Er geriet hier ein weiteres Mal in den Verdacht, im Interesse der pekuniären Interessen
der Krankenkasse und nicht im Interesse des Patienten zu handeln.
Nach den Erfahrungen in unseren Praxen wird ein bedeutender Teil der Patienten, die
mit der Diagnose Depression eine Überweisung zum Psychotherapeuten erhalten, über
die zehn Sitzungen hinaus in der Richtlinienpsychotherapie weiterbehandelt werden
müssen. Hier ist offen, wie das eine Praxis gewährleisten kann, wenn gleichzeitig
Behandlungsplätze zur kurzfristigen Versorgung freigehalten werden sollen. Es könnte zu
einer „Verlagerung“ der Wartezeiten auf Psychotherapie von vor Beginn der Behandlung
auf die Zeit zwischen der zehnstündigen Kurzintervention und der
Richtlinienpsychotherapie führen.
Im Weiteren äußert der Ausschuss fachliche und berufspolitische Bedenken.

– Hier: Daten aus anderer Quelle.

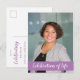 Invite a amigos y familiares a compartir sus historias y recuerdos favoritos con esta elegante invitación de tarjeta postal de celebración de vida en lavanda morado y blanco.
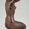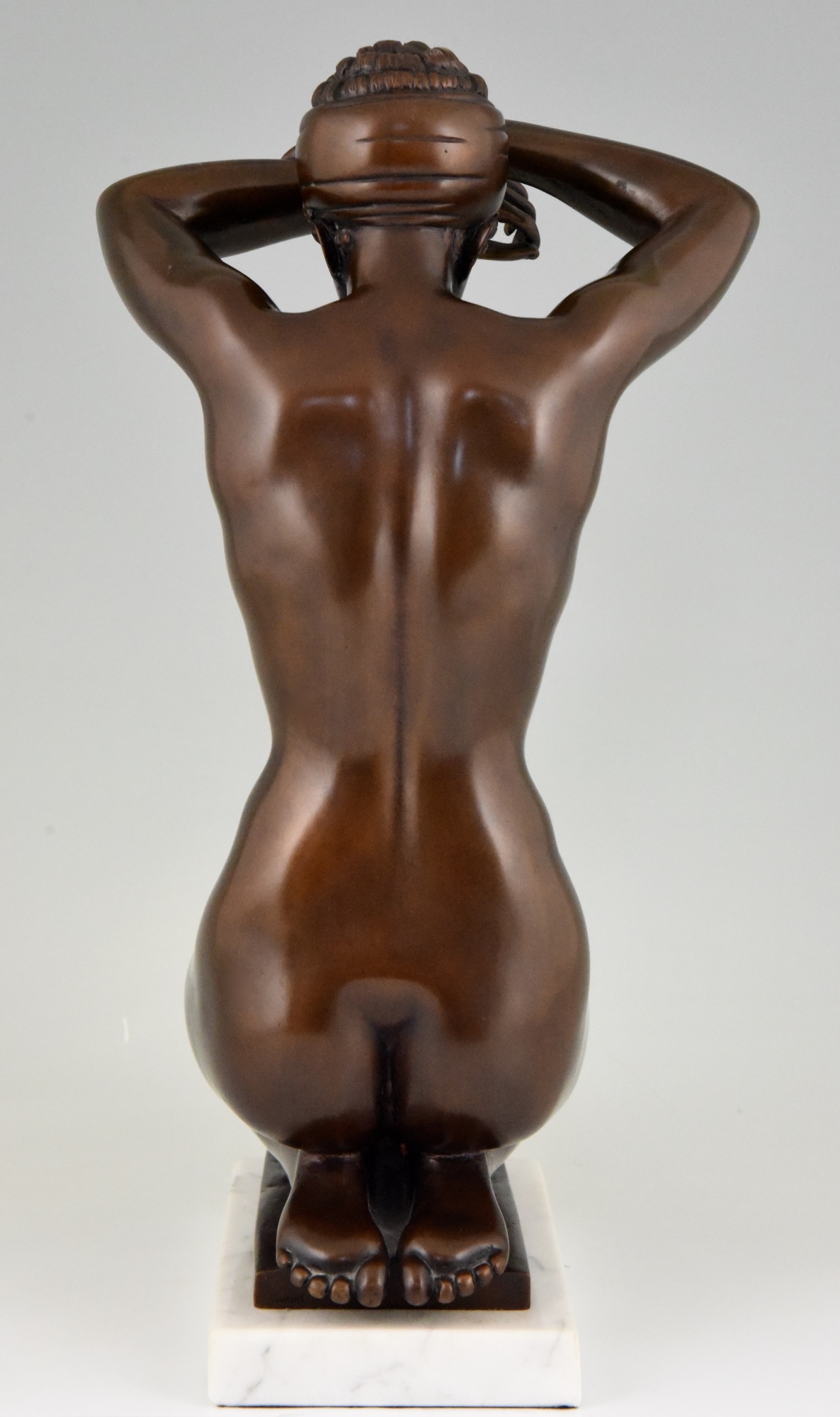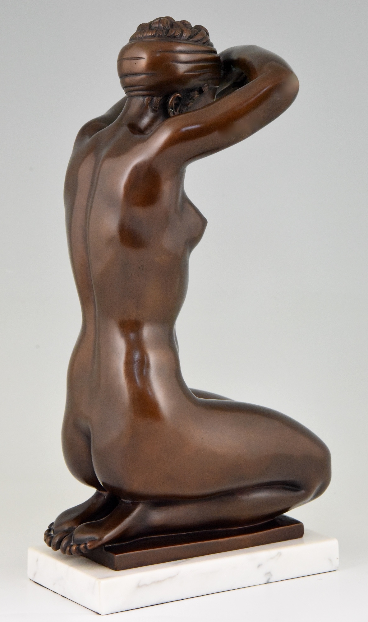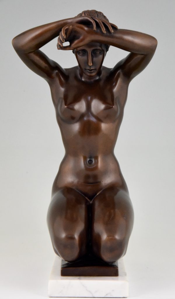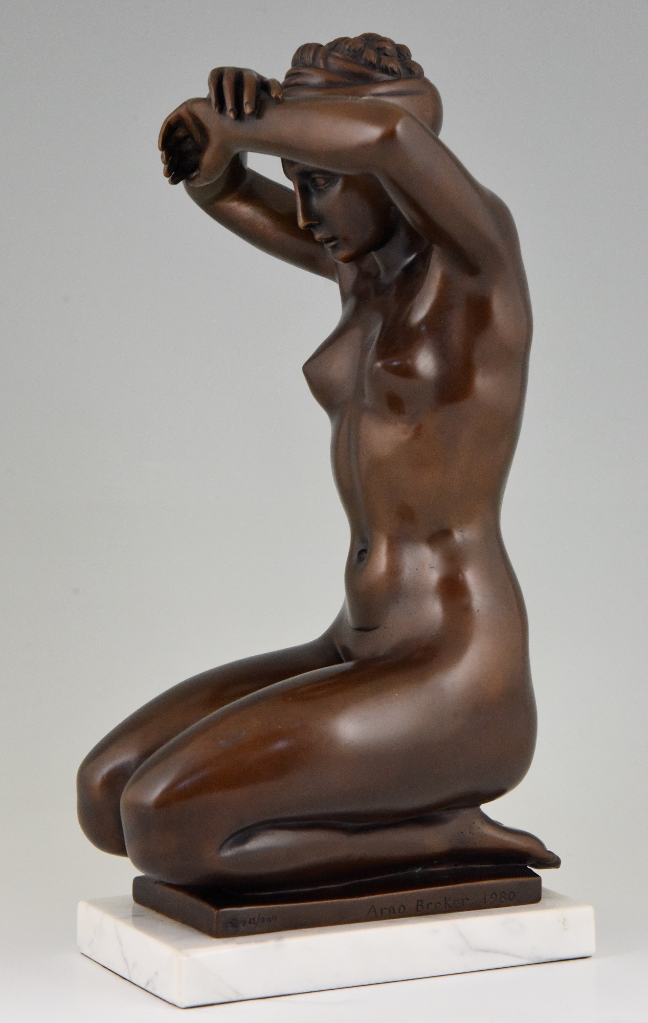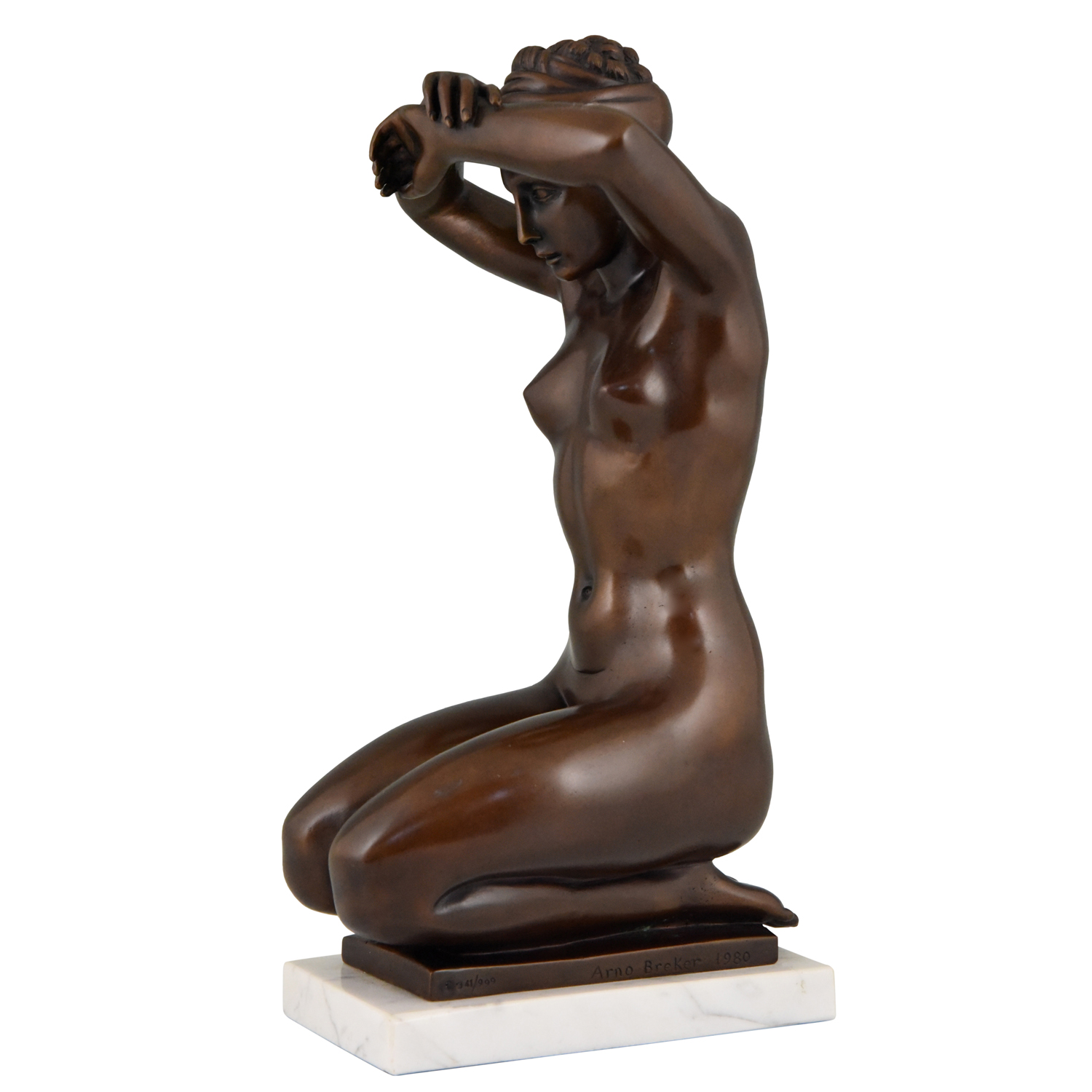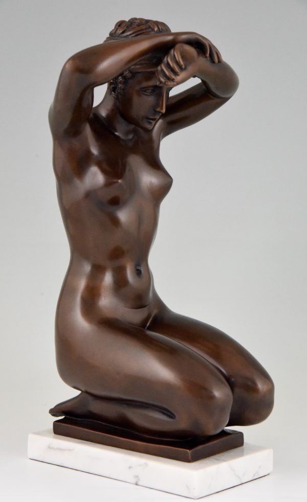 Elegant bronze sculpture of a kneeling nude by Arno Breker Germany 1980. Lovely brown patina, on a white marble base.

Der Vertrag sieht für die psychotherapeutische Behandlung keine probatorischen
Sitzungen mehr vor. Dies erscheint aus zwei Gründen problematisch. Zum einen gehört
eine durch den Psychotherapeuten erhobene fachlich fundierte Diagnostik mit sorgfältiger
Erhebung der Anamnese und der gründlichen Abklärung evtl. Komorbidität an den
Beginn einer jeden psychotherapeutischen Behandlung. Der in diesem Vertrag gesetzte
Rahmen lässt es als fragwürdig erscheinen, ob dies zu gewährleisten ist. Zum anderen
ist für die eingeschriebenen Patienten die mögliche Gesamtbehandlungsdauer bei
Umwandlung in eine Richtlinienpsychotherapie um die Zahl der probatorischen Sitzungen
reduziert, da alle Sitzungen von der ersten Stunde an in vollem Umfang auf das
Kontingent der Richtlinienpsychotherapie angerechnet werden.
Ein nicht unerheblicher Teil der Patienten mit Depressionen wenden sich direkt an einen
niedergelassenen Psychotherapeuten. Handelt es sich um einen Psychologischen
Psychotherapeuten, so kann er im Rahmen des Vertrages nicht tätig werden. Es bedarf
der Überweisung durch den Haus- oder Facharzt. Es besteht kein Erstzugangsrecht
mehr zum Psychologischen Psychotherapeuten.
Der Ausschuss äußert Zweifel, ob es sich tatsächlich um eine an den S3-Leitlinen
orientierte Behandlung handelt. In den Leitlinien ist die Psychotherapie bei leichten und
mittelgradigen Depressionen als Mittel der Wahl anzusehen. In dem Vertrag ist die
Überweisung an den Psychotherapeuten nur für die Patienten vorgesehen, die vom
Hausarzt nicht mit ausreichendem Erfolg zu behandeln sind. Auch ist die sozialrechtliche
Anerkennung der hier zum Zuge kommenden Behandlungsmethoden nicht zu erkennen.
Zu den in diesem Absatz genannten Punkten hat sich der Ausschuss kein
abschließendes Bild gemacht, obwohl sie als relevant eingestuft werden, da dies nicht zu
seinen primären Aufgaben gehört.
Bei all den genannten Zweifeln und Kritikpunkten begrüßt der Ausschuss die Ziele des
Vertrags, seelisch erkrankten Menschen einen schnelleren Zugang zu
psychotherapeutischen Behandlungen zu ermöglichen und der Koordination zwischen
den Behandlern einen klaren Rahmen zu geben. Der vorrangige Handlungsbedarf wird
allerdings in der Schaffung von Abrechnungsmöglichkeiten für Kriseninterventionen, der
leistungsgerechten Bezahlung der notwendigen Probatorik sowie einer Bedarfsplanung,
die sich am tatsächlich bestehenden Bedarf orientiert, gesehen.
Für den Ausschuss entscheidend für diese kritische Stellungnahme sind die eingangs
genannten ethischen und rechtlichen Zweifel an Teilen des Vertrags, die aus den
dargestellten Gründen geeignet sind, das Vertrauensverhältnis zwischen
Psychotherapeut und Patient zu belasten und den Psychotherapeuten als jemanden
erscheinen zu lassen, der sich zum Handlanger von Sparanstrengungen der
Krankenkassen macht, ja diese sogar über seine therapeutischen Ziele stellt.